26.6 WAIT instruction (all processors)
You can often increase speed by omitting the WAIT instruction. The WAIT instruction has three functions:
a. The old 8087 processor requires a WAIT before every floating point instruction to make sure the coprocessor is ready to receive it.
b.WAIT is used for coordinating memory access between the floating point unit and the integer unit. Examples:
b.1. FISTP [mem32] WAIT ; wait for FPU to write before.. MOV EAX,[mem32] ; reading the result with the integer unit b.2. FILD [mem32] WAIT ; wait for FPU to read value.. MOV [mem32],EAX ; before overwriting it with integer unit b.3. FLD QWORD PTR [ESP] WAIT ; prevent an accidental interrupt from.. ADD ESP,8 ; overwriting value on stack
c.WAIT is sometimes used to check for exceptions.
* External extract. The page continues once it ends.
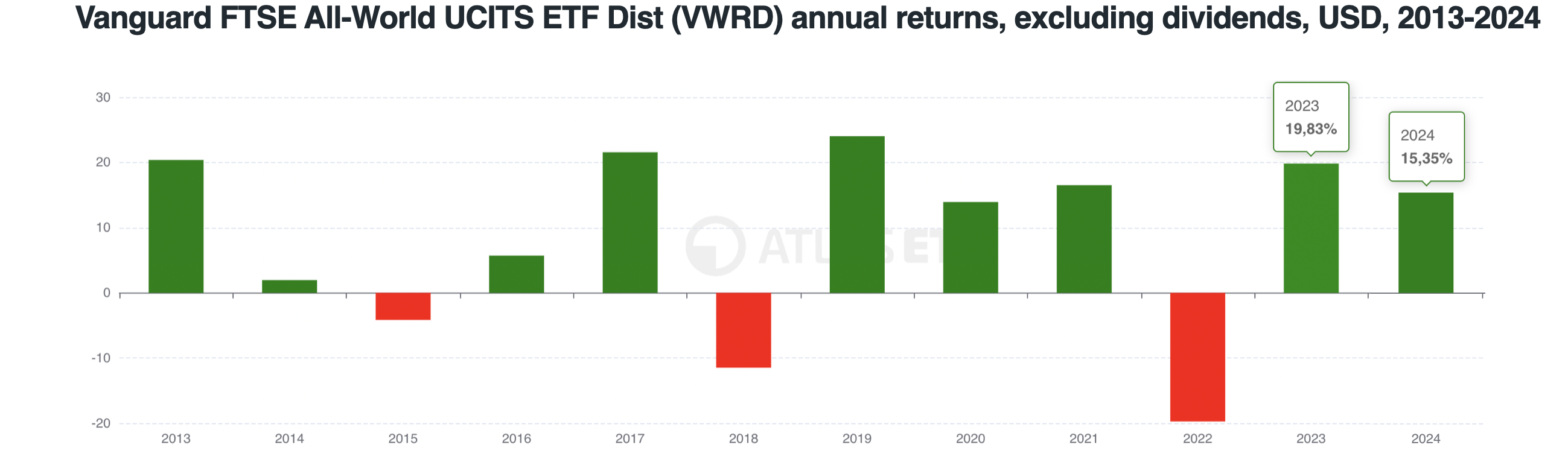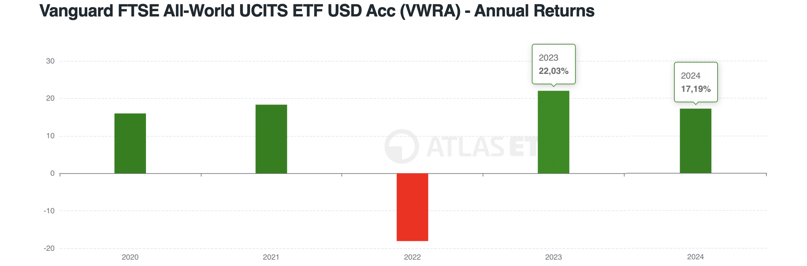 This is even clearer with the aforementioned Vanguard FTSE All World UCITS ETF Acc (VWRA). In 2020, 2021, 2023, and 2024, it posted gains (15.99%, 18.33%, 22.03%, 17.19%), and in 2022 a loss of -18.08%. A simple sum of the annual returns would be 55.46%, but that wouldn’t be the actual return achieved in that period.

It will generate an interrupt if an unmasked exception bit in the floating point status word has been set by a preceding floating point instruction.
Regarding a:
The function in point a is never needed on any other processors than the old 8087. Unless you want your code to be compatible with the 8087 you should tell your assembler not to put in these WAIT's by specifying a higher processor. A 8087 floating point emulator also inserts WAIT instructions. You should therefore tell your assembler not to generate emulation code unless you need it.
Regarding b:
WAIT instructions to coordinate memory access are definitely needed on the 8087 and 80287 but not on the Pentiums. It is not quite clear whether it is needed on the 80387 and 80486. I have made several tests on these Intel processors and not been able to provoke any error by omitting the WAIT on any 32 bit Intel processor, although Intel manuals say that the WAIT is needed for this purpose except after FNSTSW and FNSTCW. Omitting WAIT instructions for coordinating memory access is not 100 % safe, even when writing 32 bit code, because the code may be able to run on the very rare combination of a 80386 main processor with a 287 coprocessor, which requires the WAIT. Also, I have no information on non-Intel processors, and I have not tested all possible hardware and software combinations, so there may be other situations where the WAIT is needed.
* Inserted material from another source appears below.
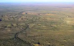 As Great Northern Highway heads north-east from Wubin out of the Wheatbelt, the vegetation changes to arid shrubland. In the Mid West region, the long stretches between settlements show few signs of human activity, other than the highway itself. The first such settlement is Paynes Find, 154 kilometres (96 mi) out from Wubin. At this point the highway heads north again, reaching Mount Magnet after 143 kilometres (89 mi), and then Cue after another 80 kilometres (50 mi). The road travels north-east for 115 kilometres (71 mi) to Meekatharra, and then has a long 412-kilometre (256 mi) stretch up to the northern edge of the Mid West at the Fortescue River, near Newman Airport.[22][23] Halfway along this stretch the highway passes a roadhouse at Kumarina.[24]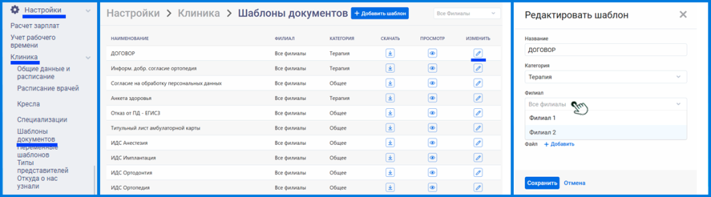 Для разделения документов по филиалам перейдите в раздел Настройки –> Клиника –> Шаблоны документов. Нажмите на иконку карандаша для внесения изменений в данный документ. Выберите филиал на нужном документе и нажмите «Сохранить».

If you want to be certain that your code will work on any 32 bit processor (including non-Intel processors) then I would recommend that you include the WAIT here in order to be safe.
Regarding c:
The assembler automatically inserts a WAIT for this purpose before the following instructions: FCLEX, FINIT, FSAVE, FSTCW, FSTENV, FSTSW. You can omit the WAIT by writing FNCLEX, etc. My tests show that the WAIT is unneccessary in most cases because these instructions without WAIT will still generate an interrupt on exceptions except for FNCLEX and FNINIT on the 80387. (There is some inconsistency about whether the IRET from the interrupt points to the FN.. instruction or to the next instruction).
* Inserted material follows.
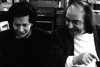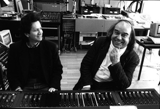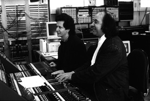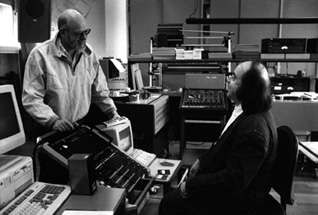 Working on the large prototype-console at the studio of the WDR with Daniel Velasco-Schwarzenberger (sound engineer and realisation assistant) Travail sur la grande console-prototype du studio du WDR avec Daniel Velasco-Schwarzenberger (ingénieur du son et assistant de réalisation) |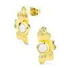 Perle Ohrringe in vergoldetes Messing mit stahlgebürsteter Oberfläche 2 weißen künstlichen Perlen.

Almost all other floating point instructions will also generate an interrupt if a previous floating point instruction has set an unmasked exception bit, so the exception is likely to be detected sooner or later anyway. You may insert a WAIT after the last floating point instruction in your program to be sure to catch all exceptions.
You may still need the WAIT if you want to know exactly where an exception occurred in order to be able to recover from the situation. Consider, for example, the code under b.3 above: If you want to be able to recover from an exception generated by the FLD here, then you need the WAIT because an interrupt after ADD ESP,8 would overwrite the value to load. FNOP may be faster than WAIT and serve the same purpose.